▶ [YOUR OBJECTIVE]:
Your task is to find every line in the records that holds the string "with" and copy it.

▶ [LISTED ENTRIES]:
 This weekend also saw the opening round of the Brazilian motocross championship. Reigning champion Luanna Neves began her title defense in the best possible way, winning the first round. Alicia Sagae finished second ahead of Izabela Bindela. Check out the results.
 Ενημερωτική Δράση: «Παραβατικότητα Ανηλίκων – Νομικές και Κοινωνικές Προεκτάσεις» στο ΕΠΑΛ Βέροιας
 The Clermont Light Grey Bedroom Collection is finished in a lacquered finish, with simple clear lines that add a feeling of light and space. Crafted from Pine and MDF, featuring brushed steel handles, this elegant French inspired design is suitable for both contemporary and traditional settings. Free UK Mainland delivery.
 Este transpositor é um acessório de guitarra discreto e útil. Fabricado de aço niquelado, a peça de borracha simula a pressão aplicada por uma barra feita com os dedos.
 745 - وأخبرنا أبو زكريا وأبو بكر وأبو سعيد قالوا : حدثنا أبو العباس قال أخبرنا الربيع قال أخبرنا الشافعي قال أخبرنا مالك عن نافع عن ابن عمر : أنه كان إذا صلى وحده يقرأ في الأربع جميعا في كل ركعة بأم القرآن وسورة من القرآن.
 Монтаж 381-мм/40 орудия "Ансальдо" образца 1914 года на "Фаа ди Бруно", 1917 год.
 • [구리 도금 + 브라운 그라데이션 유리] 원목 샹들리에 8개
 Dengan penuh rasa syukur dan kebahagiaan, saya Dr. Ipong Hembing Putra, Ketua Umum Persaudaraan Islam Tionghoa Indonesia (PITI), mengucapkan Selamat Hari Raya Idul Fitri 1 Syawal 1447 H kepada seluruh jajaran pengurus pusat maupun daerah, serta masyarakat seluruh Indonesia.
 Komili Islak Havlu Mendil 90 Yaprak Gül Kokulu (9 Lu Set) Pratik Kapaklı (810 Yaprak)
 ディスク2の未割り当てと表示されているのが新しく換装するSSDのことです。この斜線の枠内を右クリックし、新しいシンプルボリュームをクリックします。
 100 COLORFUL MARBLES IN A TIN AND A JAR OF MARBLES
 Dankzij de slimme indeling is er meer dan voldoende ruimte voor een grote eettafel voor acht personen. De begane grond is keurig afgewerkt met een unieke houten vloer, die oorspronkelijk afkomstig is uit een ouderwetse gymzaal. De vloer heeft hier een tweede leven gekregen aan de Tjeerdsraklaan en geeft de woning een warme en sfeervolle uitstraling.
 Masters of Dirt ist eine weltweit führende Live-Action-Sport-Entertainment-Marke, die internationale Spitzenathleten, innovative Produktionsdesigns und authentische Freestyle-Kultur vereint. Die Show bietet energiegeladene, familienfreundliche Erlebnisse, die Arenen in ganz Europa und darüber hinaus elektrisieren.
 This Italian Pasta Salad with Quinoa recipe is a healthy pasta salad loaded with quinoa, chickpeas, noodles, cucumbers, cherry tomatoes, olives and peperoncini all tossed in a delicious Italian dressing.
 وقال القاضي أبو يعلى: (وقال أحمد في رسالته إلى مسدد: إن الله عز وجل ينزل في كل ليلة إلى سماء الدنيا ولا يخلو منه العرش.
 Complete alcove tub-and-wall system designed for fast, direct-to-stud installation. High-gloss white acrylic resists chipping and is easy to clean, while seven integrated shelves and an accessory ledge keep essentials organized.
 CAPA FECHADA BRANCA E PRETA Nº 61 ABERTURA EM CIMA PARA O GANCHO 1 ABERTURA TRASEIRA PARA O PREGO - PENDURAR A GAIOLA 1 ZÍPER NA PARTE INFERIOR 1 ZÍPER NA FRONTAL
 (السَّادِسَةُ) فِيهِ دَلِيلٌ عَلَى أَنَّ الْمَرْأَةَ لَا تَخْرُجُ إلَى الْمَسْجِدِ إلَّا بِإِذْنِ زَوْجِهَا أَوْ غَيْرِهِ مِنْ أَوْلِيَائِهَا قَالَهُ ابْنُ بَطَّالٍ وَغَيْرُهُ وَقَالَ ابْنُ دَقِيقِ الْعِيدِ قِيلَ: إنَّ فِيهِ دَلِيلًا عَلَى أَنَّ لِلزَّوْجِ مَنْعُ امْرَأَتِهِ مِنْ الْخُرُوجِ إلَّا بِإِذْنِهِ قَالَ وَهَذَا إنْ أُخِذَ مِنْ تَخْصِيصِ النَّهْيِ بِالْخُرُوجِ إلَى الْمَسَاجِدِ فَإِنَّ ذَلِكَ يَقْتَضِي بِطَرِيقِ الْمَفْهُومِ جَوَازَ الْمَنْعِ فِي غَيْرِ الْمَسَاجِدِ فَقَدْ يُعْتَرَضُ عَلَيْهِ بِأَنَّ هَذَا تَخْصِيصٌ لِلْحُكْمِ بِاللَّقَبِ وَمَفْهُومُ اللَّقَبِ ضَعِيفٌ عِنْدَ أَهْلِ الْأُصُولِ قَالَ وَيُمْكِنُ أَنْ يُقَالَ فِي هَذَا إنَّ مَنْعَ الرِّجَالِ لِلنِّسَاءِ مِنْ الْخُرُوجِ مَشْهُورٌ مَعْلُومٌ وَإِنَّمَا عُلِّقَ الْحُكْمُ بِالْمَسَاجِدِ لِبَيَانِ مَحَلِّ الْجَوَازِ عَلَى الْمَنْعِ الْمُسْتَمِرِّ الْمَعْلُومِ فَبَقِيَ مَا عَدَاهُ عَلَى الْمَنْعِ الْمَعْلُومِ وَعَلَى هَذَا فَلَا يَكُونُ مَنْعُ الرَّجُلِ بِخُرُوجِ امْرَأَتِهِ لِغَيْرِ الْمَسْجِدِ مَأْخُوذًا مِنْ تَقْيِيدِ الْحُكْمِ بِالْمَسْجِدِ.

▶ [FINISHED EXERCISE]:
 The Clermont Light Grey Bedroom Collection is finished in a lacquered finish, with simple clear lines that add a feeling of light and space. Crafted from Pine and MDF, featuring brushed steel handles, this elegant French inspired design is suitable for both contemporary and traditional settings. Free UK Mainland delivery.
 This Italian Pasta Salad with Quinoa recipe is a healthy pasta salad loaded with quinoa, chickpeas, noodles, cucumbers, cherry tomatoes, olives and peperoncini all tossed in a delicious Italian dressing.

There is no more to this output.